▶ **Exercise objective**: The material below includes pictures; leave them out and return only the lines between the line containing "Studio Appartement verfügt" and the line containing "The main bathroom", inclusive, word for word.

▶ **Supplied records**:
━━━

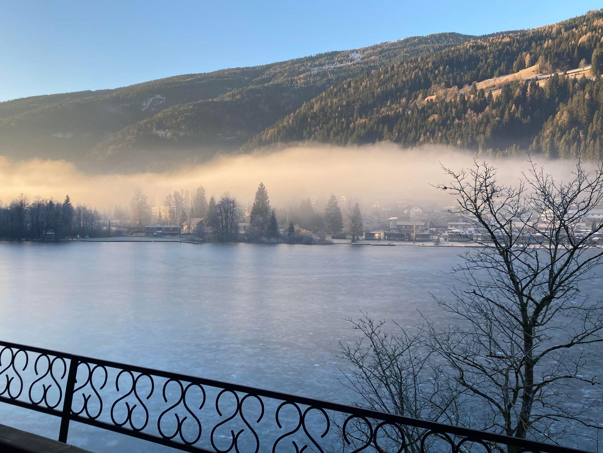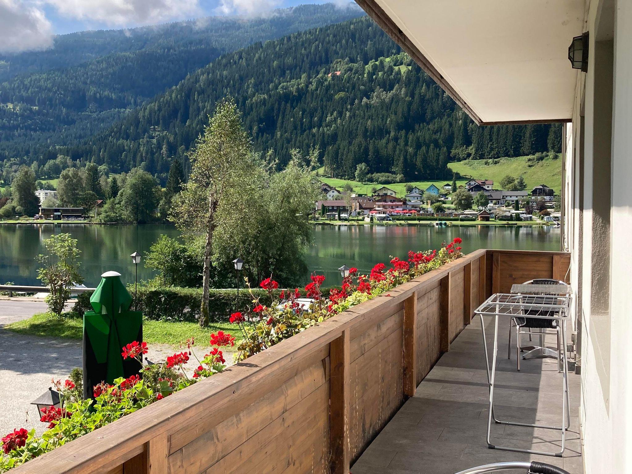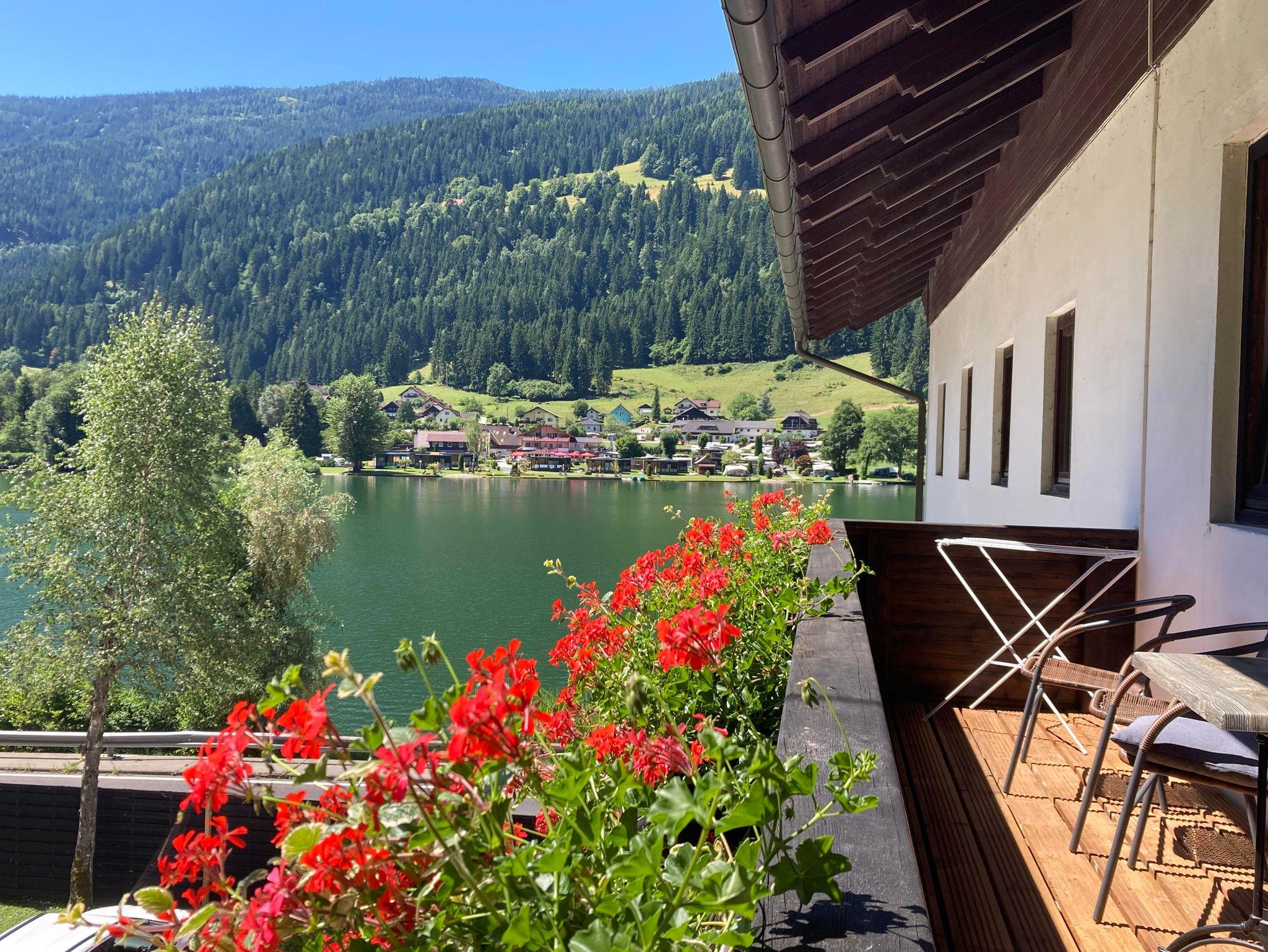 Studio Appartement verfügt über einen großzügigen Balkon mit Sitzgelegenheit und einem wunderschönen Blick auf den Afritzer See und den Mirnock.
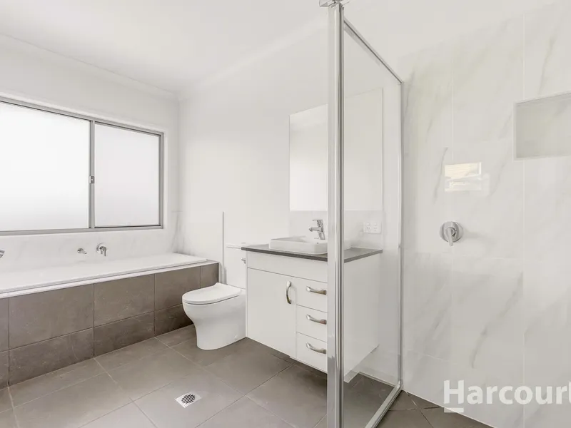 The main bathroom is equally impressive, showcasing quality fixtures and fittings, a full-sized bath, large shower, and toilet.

━━━

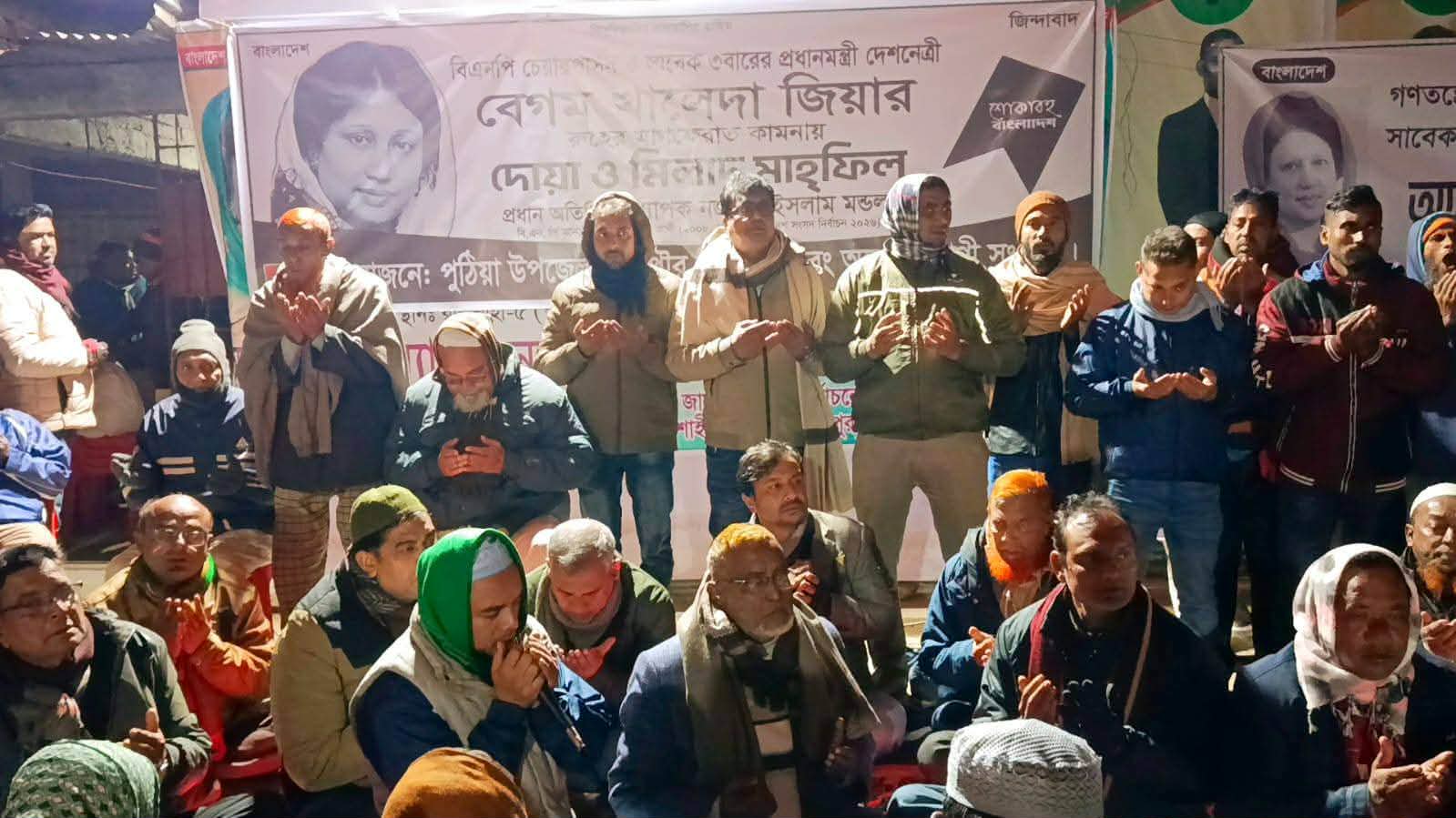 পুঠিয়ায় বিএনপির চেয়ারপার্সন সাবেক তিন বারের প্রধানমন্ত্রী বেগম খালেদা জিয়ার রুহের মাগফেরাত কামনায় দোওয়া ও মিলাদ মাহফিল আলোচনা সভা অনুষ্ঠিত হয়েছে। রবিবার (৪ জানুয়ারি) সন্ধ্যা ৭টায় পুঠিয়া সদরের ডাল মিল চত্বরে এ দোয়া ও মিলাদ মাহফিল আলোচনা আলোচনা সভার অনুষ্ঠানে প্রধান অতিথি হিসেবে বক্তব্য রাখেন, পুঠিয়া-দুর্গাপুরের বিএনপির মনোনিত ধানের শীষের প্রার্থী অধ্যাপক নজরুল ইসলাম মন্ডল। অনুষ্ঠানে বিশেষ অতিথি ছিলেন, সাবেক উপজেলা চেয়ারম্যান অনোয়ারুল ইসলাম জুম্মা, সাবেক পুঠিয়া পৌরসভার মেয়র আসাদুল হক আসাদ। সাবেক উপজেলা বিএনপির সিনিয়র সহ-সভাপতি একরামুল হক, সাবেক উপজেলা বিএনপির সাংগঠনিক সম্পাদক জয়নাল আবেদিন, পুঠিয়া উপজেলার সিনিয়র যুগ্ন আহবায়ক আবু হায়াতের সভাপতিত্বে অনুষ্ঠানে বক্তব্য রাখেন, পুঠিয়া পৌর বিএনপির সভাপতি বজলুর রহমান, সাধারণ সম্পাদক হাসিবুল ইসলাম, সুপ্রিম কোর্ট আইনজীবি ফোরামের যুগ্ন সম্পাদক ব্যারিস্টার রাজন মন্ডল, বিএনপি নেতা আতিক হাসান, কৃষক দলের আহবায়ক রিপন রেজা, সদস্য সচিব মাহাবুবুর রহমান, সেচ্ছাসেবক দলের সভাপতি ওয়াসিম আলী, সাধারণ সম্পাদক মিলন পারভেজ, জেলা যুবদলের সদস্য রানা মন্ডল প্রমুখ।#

━━━

▶ **Solution to the problem**:
 Studio Appartement verfügt über einen großzügigen Balkon mit Sitzgelegenheit und einem wunderschönen Blick auf den Afritzer See und den Mirnock.
 The main bathroom is equally impressive, showcasing quality fixtures and fittings, a full-sized bath, large shower, and toilet.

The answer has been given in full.